> [WORK TO BE COMPLETED]: Please output exactly the lines below, starting at the line that has "xCustomize your fit" and ending at the line that has "GZGRYTRC 3 Piece", both included; leave out all pictures and include nothing else.

> [GIVEN RECORDS]:
☆ ☆ ☆ ☆ ☆
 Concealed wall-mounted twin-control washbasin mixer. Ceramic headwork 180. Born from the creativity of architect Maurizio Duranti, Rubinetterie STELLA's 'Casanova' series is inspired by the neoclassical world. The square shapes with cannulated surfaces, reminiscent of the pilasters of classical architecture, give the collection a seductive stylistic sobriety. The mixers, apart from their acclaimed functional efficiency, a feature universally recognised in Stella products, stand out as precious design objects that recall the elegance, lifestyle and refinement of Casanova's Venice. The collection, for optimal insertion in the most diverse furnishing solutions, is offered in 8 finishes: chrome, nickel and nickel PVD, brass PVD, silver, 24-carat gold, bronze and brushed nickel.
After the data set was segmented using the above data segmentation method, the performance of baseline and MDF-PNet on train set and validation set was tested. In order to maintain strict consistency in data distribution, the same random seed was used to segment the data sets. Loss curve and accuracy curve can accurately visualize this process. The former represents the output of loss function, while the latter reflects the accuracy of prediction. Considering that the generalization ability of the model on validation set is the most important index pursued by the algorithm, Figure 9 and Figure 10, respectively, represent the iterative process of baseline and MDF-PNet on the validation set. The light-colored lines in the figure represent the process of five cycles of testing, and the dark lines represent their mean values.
☆ ☆ ☆ ☆ ☆
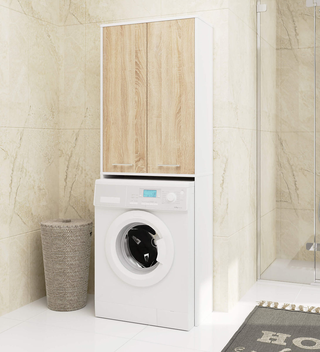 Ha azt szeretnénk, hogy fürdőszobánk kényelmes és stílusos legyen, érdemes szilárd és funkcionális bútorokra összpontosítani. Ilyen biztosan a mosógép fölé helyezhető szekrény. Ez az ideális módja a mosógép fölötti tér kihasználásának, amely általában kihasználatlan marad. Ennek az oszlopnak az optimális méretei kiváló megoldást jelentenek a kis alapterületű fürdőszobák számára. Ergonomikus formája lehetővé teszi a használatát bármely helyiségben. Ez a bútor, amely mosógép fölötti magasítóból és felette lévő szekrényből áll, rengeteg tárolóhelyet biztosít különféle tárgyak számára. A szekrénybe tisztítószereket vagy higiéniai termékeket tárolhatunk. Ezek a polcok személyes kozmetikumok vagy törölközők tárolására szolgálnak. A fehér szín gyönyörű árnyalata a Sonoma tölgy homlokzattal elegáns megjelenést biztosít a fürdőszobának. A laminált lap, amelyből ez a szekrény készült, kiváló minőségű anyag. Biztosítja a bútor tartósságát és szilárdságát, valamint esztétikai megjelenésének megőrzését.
☆ ☆ ☆ ☆ ☆
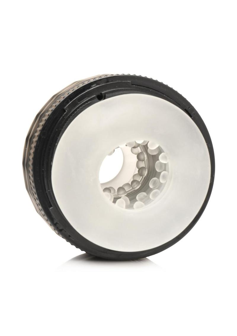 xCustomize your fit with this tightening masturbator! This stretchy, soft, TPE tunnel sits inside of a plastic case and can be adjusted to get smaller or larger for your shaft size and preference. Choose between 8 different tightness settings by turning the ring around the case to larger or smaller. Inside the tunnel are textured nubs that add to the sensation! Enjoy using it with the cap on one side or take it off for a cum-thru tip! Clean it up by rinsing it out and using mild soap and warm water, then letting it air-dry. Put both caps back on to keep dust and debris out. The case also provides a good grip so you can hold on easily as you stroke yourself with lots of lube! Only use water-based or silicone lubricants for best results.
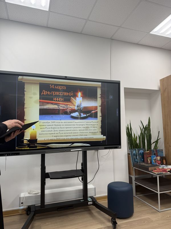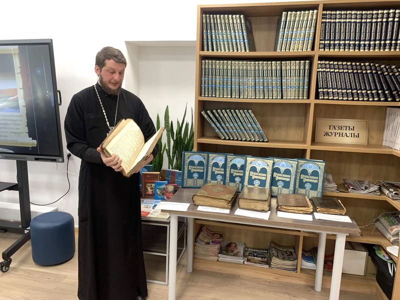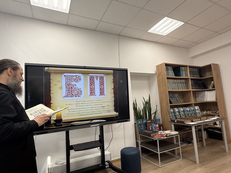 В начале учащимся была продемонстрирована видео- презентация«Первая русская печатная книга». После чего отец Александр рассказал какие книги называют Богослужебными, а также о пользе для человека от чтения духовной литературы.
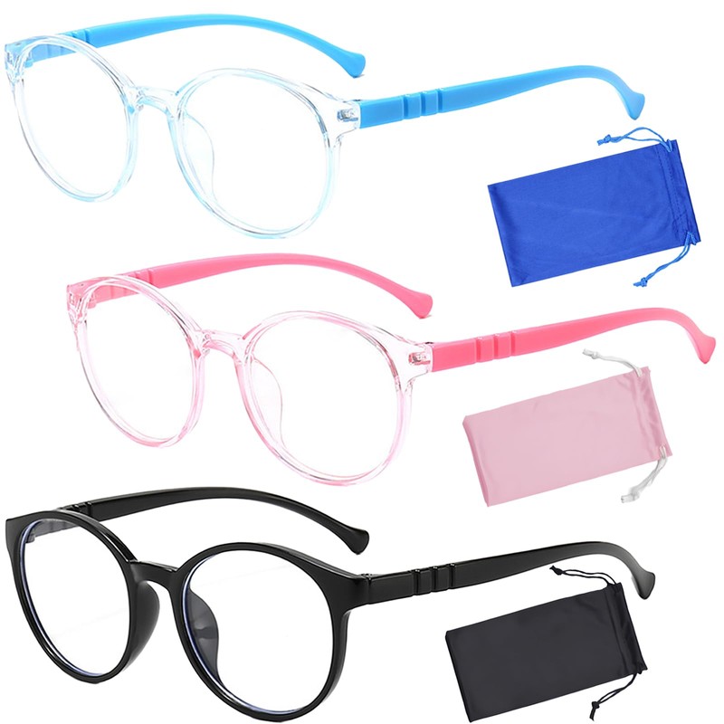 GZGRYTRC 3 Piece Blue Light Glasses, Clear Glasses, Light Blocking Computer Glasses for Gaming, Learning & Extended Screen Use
☆ ☆ ☆ ☆ ☆
> [WRITTEN ANSWER]:
 xCustomize your fit with this tightening masturbator! This stretchy, soft, TPE tunnel sits inside of a plastic case and can be adjusted to get smaller or larger for your shaft size and preference. Choose between 8 different tightness settings by turning the ring around the case to larger or smaller. Inside the tunnel are textured nubs that add to the sensation! Enjoy using it with the cap on one side or take it off for a cum-thru tip! Clean it up by rinsing it out and using mild soap and warm water, then letting it air-dry. Put both caps back on to keep dust and debris out. The case also provides a good grip so you can hold on easily as you stroke yourself with lots of lube! Only use water-based or silicone lubricants for best results.
 В начале учащимся была продемонстрирована видео- презентация«Первая русская печатная книга». После чего отец Александр рассказал какие книги называют Богослужебными, а также о пользе для человека от чтения духовной литературы.
 GZGRYTRC 3 Piece Blue Light Glasses, Clear Glasses, Light Blocking Computer Glasses for Gaming, Learning & Extended Screen Use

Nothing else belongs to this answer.